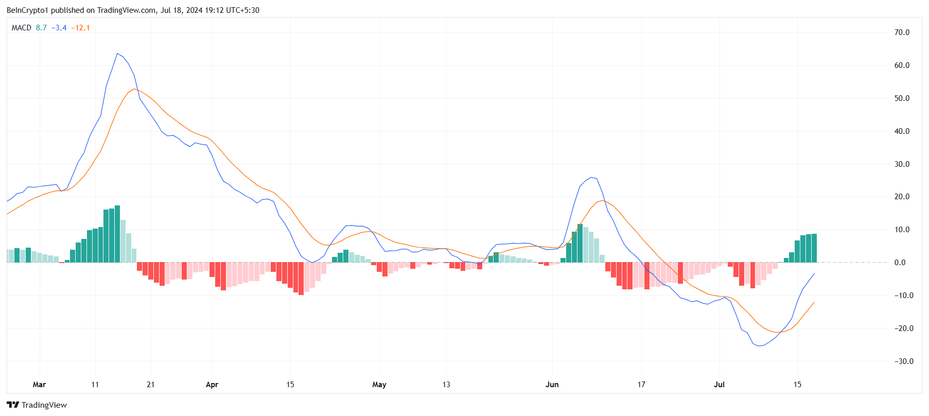 SponsoredTuttavia, l’indicatore MACD di Binance Coin, passato da un crossover ribassista a uno rialzista la scorsa settimana, sta continuando il suo slancio. Questo cambiamento segnala un potenziale trend rialzista per BNB, in quanto le forze rialziste guadagnano forza.
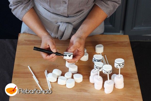 Dibujamos, siempre con el rotulador especial de repostería, dos triángulos pequeños hacia abajo y después los rellenamos.
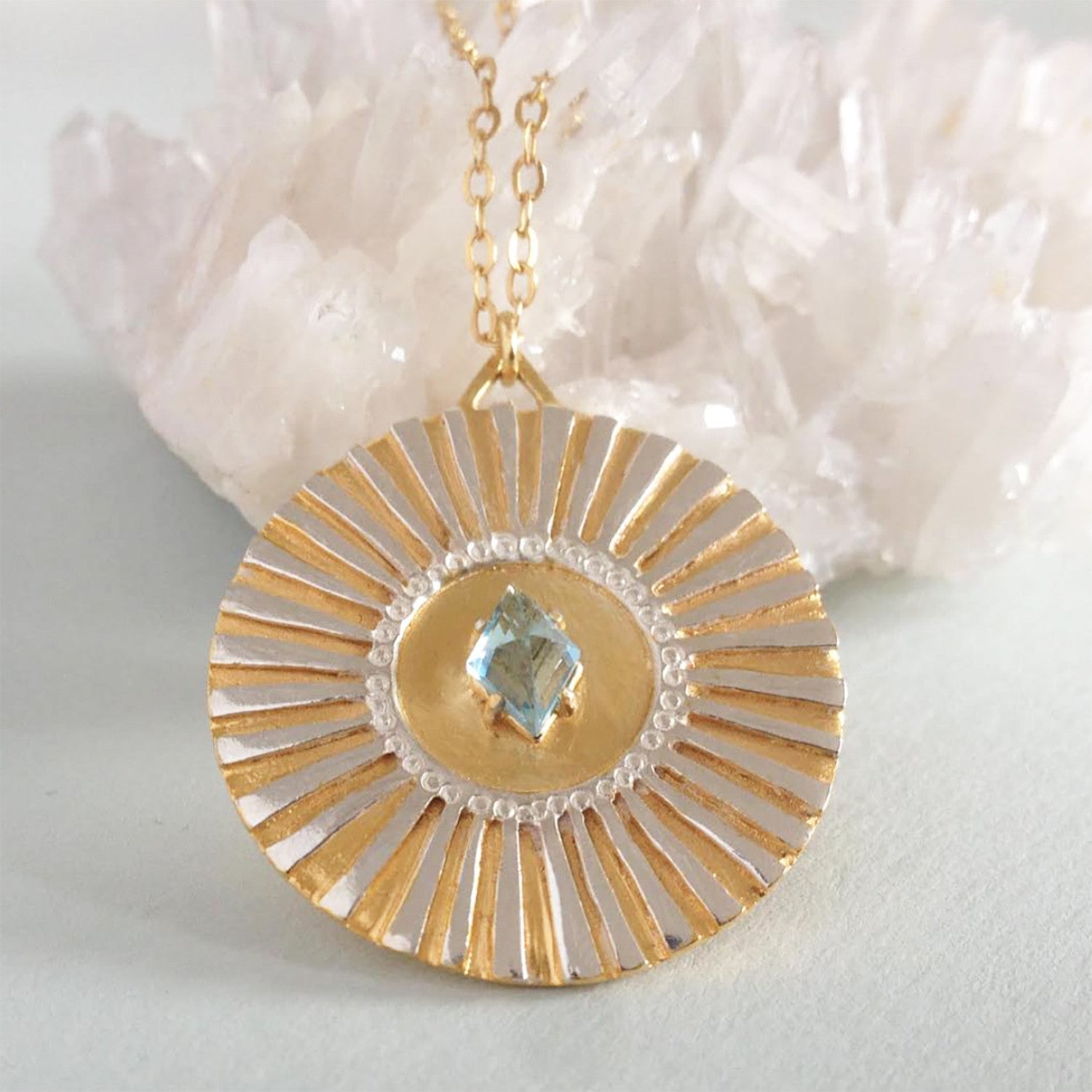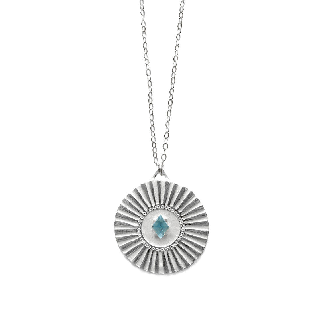 素材:このネックレスは、スターリングシルバーまたはゴールドヴェルメイユ(18金の重厚なゴールドプレートを施したシルバー)からお選びいただけます。石はブルートパーズまたはロードライトガーネットです。
----------
Please restate exactly the lines from the one containing "Dibujamos, siempre con" down to the end of the material, both ends kept, and do not include the pictures.

Response for this exercise:
 Dibujamos, siempre con el rotulador especial de repostería, dos triángulos pequeños hacia abajo y después los rellenamos.
 素材:このネックレスは、スターリングシルバーまたはゴールドヴェルメイユ(18金の重厚なゴールドプレートを施したシルバー)からお選びいただけます。石はブルートパーズまたはロードライトガーネットです。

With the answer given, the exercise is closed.